■ **What this task involves**:
Take the listing below and print exactly the lines starting at the line containing "Spider Man Seriesecentio" and ending at the line containing "Eventually, I paddled", both ends included, and no others.

-=-=-=-=-

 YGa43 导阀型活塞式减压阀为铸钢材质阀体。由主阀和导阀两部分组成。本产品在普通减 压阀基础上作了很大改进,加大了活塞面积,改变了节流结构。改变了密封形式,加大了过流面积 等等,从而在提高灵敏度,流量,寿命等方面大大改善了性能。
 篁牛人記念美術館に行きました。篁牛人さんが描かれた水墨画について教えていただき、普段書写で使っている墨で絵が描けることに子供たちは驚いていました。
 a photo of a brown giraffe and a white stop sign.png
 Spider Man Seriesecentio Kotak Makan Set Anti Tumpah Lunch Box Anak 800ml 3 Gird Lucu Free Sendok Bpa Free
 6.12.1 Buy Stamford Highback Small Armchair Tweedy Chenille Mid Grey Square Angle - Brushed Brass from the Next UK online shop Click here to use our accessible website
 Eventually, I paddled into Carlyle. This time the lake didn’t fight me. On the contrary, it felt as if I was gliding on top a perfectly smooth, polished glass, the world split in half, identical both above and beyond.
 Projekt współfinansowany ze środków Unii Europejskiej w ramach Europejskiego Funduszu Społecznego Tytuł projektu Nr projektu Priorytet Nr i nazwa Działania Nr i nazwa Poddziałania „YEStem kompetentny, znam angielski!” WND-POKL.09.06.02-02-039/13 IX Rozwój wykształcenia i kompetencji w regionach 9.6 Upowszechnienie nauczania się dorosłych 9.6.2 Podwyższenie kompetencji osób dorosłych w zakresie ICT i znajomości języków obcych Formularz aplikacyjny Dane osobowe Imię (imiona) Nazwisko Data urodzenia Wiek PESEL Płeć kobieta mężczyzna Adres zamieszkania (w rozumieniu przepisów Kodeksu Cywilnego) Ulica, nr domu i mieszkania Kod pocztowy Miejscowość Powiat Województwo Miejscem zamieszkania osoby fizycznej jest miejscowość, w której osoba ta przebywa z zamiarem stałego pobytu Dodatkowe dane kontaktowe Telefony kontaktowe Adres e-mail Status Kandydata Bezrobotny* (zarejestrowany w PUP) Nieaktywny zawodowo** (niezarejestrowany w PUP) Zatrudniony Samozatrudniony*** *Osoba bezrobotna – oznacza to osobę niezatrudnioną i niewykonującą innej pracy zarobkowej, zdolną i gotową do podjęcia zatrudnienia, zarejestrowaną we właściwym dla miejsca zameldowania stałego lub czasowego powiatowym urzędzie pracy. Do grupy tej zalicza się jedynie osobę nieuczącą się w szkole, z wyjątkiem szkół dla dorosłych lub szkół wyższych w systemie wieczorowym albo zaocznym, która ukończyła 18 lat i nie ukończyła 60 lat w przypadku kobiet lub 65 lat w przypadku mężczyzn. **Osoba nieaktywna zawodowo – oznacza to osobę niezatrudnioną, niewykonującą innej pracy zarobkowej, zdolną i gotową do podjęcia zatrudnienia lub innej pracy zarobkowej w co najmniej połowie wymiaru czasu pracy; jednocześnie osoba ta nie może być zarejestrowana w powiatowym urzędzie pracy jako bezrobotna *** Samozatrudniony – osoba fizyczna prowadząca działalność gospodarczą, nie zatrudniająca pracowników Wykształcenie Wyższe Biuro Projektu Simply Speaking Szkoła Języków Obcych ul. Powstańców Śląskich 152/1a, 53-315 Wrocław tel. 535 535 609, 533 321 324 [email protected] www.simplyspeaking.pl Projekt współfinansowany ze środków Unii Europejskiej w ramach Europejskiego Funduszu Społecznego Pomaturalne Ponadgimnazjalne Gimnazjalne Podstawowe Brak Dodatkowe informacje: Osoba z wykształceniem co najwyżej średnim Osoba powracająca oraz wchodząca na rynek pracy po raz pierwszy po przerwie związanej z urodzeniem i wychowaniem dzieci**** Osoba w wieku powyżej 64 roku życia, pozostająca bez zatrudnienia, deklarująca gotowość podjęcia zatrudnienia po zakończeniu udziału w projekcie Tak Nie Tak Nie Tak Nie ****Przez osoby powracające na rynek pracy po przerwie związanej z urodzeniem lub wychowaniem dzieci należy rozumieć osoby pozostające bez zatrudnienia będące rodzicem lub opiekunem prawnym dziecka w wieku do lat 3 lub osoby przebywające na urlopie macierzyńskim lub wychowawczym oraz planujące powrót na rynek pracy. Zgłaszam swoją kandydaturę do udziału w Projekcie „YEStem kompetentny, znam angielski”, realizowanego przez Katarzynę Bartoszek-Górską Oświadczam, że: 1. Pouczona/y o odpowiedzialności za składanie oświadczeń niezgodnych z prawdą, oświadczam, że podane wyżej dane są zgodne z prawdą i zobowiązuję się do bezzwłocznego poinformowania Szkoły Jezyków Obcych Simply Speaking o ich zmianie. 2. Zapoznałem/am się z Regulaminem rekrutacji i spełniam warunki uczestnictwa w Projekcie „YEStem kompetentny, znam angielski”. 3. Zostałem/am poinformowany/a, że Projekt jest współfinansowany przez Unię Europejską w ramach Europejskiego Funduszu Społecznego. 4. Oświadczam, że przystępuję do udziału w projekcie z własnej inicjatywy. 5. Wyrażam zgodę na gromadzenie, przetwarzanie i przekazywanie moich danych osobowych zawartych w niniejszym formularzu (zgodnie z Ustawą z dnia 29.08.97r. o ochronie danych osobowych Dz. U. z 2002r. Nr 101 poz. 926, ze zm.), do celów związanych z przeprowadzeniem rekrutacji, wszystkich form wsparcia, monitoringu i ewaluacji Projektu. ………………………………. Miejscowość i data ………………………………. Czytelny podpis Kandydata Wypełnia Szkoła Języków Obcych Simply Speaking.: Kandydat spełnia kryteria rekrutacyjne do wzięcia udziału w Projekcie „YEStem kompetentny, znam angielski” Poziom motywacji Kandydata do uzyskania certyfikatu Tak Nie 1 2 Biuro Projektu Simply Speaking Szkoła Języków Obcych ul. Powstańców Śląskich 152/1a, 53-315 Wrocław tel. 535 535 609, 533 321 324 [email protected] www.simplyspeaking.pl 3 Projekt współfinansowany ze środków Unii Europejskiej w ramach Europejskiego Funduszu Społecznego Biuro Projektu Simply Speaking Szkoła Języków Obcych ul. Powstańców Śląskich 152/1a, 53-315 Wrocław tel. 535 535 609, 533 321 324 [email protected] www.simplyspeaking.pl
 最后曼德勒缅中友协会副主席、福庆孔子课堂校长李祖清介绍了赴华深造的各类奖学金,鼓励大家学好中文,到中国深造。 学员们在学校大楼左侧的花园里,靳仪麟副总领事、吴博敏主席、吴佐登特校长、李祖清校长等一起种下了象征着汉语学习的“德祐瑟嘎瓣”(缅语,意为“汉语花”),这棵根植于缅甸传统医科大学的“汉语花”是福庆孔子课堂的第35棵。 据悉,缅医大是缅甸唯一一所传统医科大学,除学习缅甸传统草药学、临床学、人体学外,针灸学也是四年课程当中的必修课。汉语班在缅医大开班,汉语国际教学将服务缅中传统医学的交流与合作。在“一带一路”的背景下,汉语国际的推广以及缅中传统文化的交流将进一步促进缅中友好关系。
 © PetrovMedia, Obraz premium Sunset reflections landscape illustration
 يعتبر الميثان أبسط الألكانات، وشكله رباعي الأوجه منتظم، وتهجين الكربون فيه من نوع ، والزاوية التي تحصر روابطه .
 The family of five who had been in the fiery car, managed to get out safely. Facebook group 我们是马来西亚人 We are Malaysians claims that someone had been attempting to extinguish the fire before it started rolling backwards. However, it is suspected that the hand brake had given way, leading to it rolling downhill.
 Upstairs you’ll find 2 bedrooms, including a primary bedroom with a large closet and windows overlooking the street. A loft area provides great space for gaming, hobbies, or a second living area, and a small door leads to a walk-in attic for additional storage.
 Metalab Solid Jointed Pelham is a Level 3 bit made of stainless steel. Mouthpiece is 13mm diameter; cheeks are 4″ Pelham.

-=-=-=-=-

■ **Reply**:
 Spider Man Seriesecentio Kotak Makan Set Anti Tumpah Lunch Box Anak 800ml 3 Gird Lucu Free Sendok Bpa Free
 6.12.1 Buy Stamford Highback Small Armchair Tweedy Chenille Mid Grey Square Angle - Brushed Brass from the Next UK online shop Click here to use our accessible website
 Eventually, I paddled into Carlyle. This time the lake didn’t fight me. On the contrary, it felt as if I was gliding on top a perfectly smooth, polished glass, the world split in half, identical both above and beyond.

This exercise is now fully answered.